Nicosia: What a peculiar town.
Nicosia is surrounded by a majestic walled perimeter built by the Venetian Republic in the mid-16th century. Still largely intact, the rosette-shaped defensive walls counts amongst the best preserved Renaissance fortifications in the Eastern Mediterranean. They count eleven bastions, which are named after eleven families, pillars of the Italian aristocracy of the town, who contributed financially to the construction of the walls.
Nicosia is also sadly still at odds with its recent history, as it is the last divided capital in Europe. The walled city is split in Nicosia North (Lefkosia), under Turkish administration as the eastern part of the island) and a Nicosia South under Greek Cypriot rule as the western part of Cyprus Island. The odd and circumvallated division line corresponds to the front line as of 1974, when a cease-fire was brokered between the warring parties.
A United Nation Buffer Zone is set between North and South Nicosia, patrolled by UN peacekeeping forces deployed in multiple check-points. Movements of people and goods across both parts of Nicosia are made easier today compared to the past. Still, the walled citiy remains divided along a schizophrenic logic since four decades, as is the whole Cyprus Island.
I crossed many times the checkpoints by foot to sense the spirit of the last divided capital.
Large parts of Nicosia North are left in rather derelict state, particularly the neighbourhoods located close to the UN buffer zone. Many former residents of the 1970’s have left, replaced by families from southeast Turkey. The local economy suffers much from the political deadlock and is substantially supported financial by Ankara.
I spent much time walking around Nicosia North, particularly in areas counting historical buildings that have been restored. The few photographic glimpses hereafter track key historical and aesthetic elements worth of highlight, to figure.
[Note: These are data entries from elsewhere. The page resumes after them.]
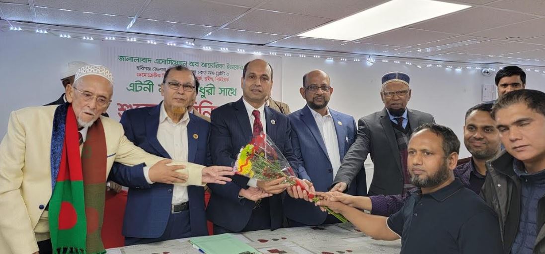 জালালাবাদ এসোসিয়েশন অফ আমেরিকার বোর্ড অফ ট্রাস্টি এটর্নী মঈন চৌধুরী ফুলেল শুভেচ্ছায় সিক্ত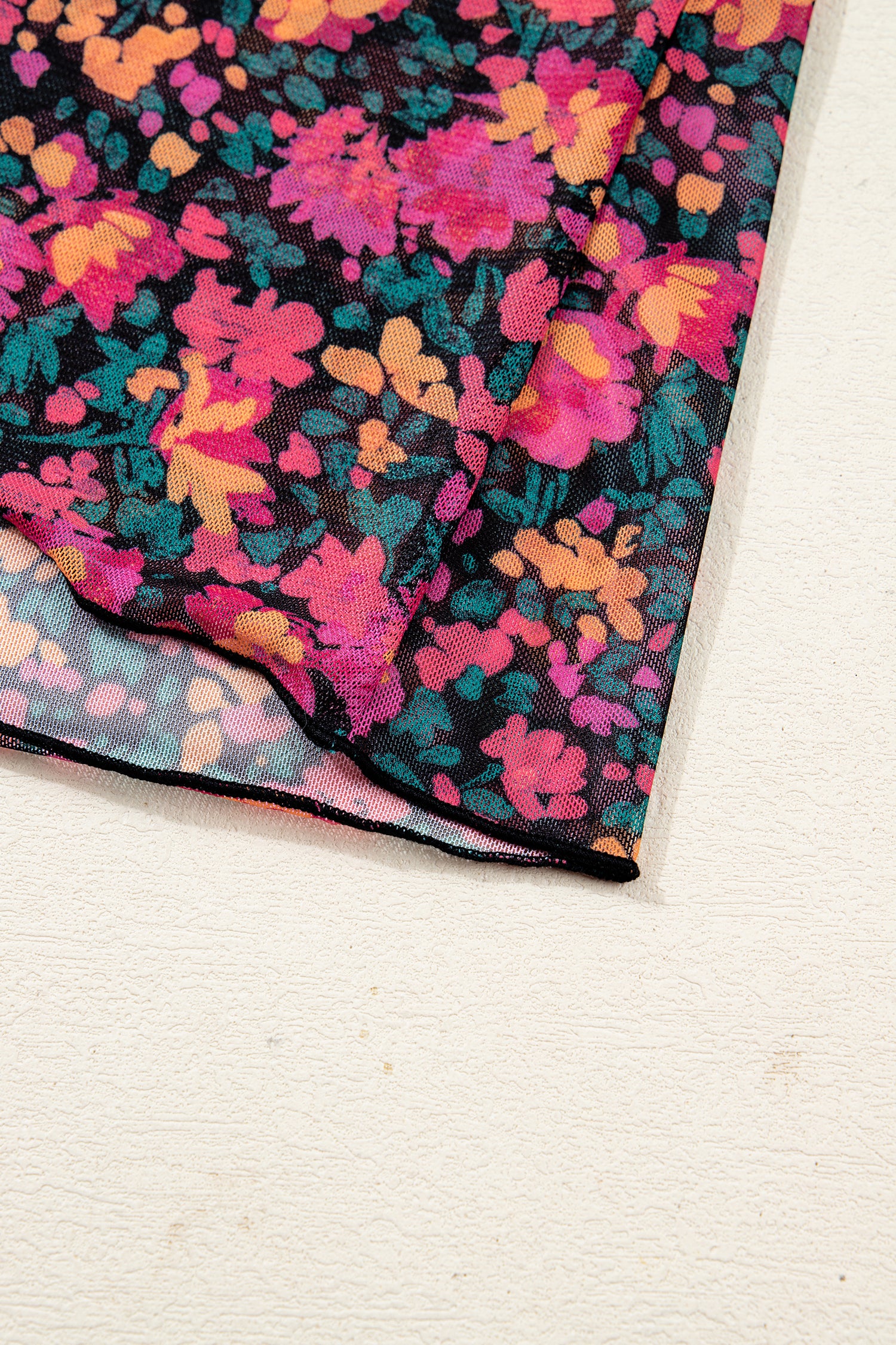 Vibrant floral print in pinks, oranges, and teal on a dark background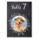 Bordsnummer efter från dina sällskapsdjur! Inkludera din bästa hund, bästa katt och vilket husdjur som helst i bröllop med sina egna bordsnummer till dina gäster. Perfekt för hundälskare, och ett speciellt bordsnummer för hund kommer att vara en slå i bröllop. Enkel rustik skiffer med löv från eucalyptus. Anpassa det här lilla bröllop-tecknet med ditt favoritfoto av hund, katt, valp eller kattunge och bordsnummer! COPYRIGHT © 2020 Judy Burrows, Black Hund Art - Med alla Höger reserverade. Rustic Eucalyptus Chalkboard Hund Photo Pet Bröllop Bordsnummer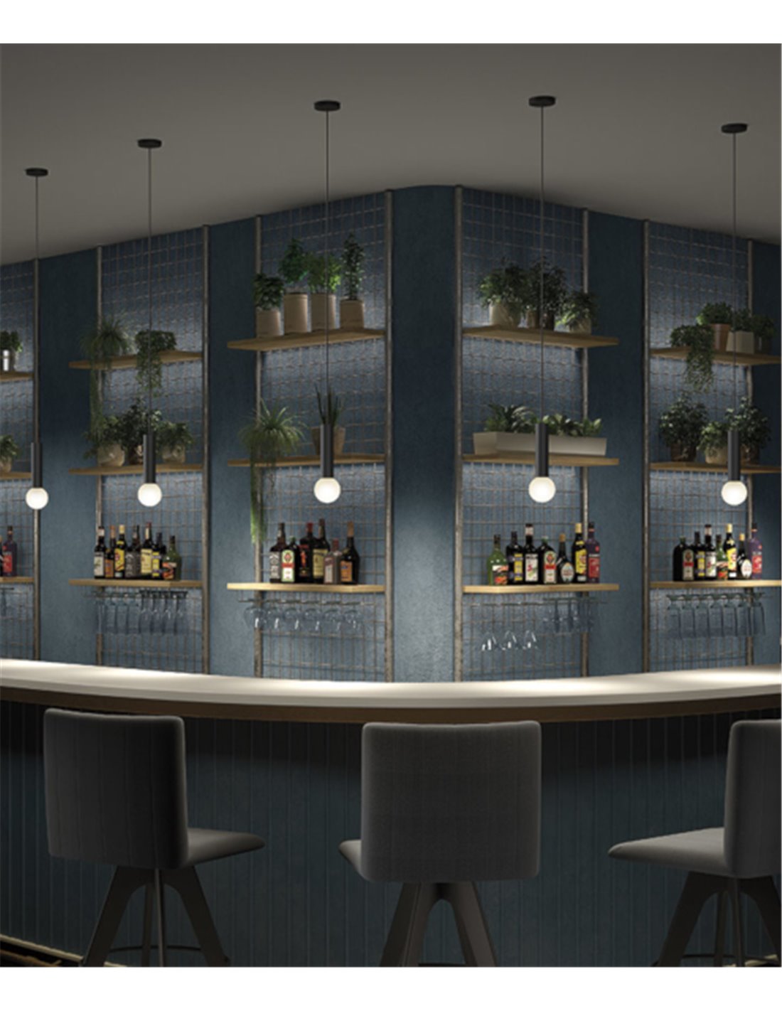 Está hecho de acero en su estructura y de difusor en el cristal. En cuanto a su acabado, esta luminaria se puede adquirir con acabado negro o en cromo, todo ello para poder adaptarse mejor a la estancia donde sea ubicada. Con respecto a esto, a pesar de cuenta con resistencia para evitar la entrada de salpicaduras de agua y humedad y es una excelente lámpara de baño, también se puede instalar en múltiples estancias como el salón encima de una mesa o en la parte superior de una barra.

They also catch scenes of street life telling how people cope with the situation. For us to figure out how Nicosia could live in an appeased and more prosperous environment.
Sufi whirling is a form of physically active meditation which is still practiced by certain orders of Sufi Dervishes. It is a customary meditation practice performed within a worship ceremony. Dervishes are guided by Sufi Muslim ascetic path known for austerity. They focus on the universal values of love and service to best reach God. They practice a variety of physical and religious performances aiming at attaining an ecstatic trance to reach God.
Nicosia North offered me my best experience ever of Sufi whirling, from both a spiritual and aesthetic perspectives. It took place in a former cathedral that was first transformed into a mosque, and then into a museum. A magnificent environment for such an experience.
Nicosia South is for sure more vibrant economically, more colourful and easy-going than its northern counterpart. However, it is not necessarily at peace with itself. Nicosia South remains orphan of its other half since more than four decades. Life goes on, but remains reminiscent of troubled times.
Hopefully the serenity that filled the former church during the Sufi whirling performance will spill over Nicosia for the centuries to come.
Hopefully the bright colours enlightening some streets of Nicosia South will spill over Nicosia for the centuries to come.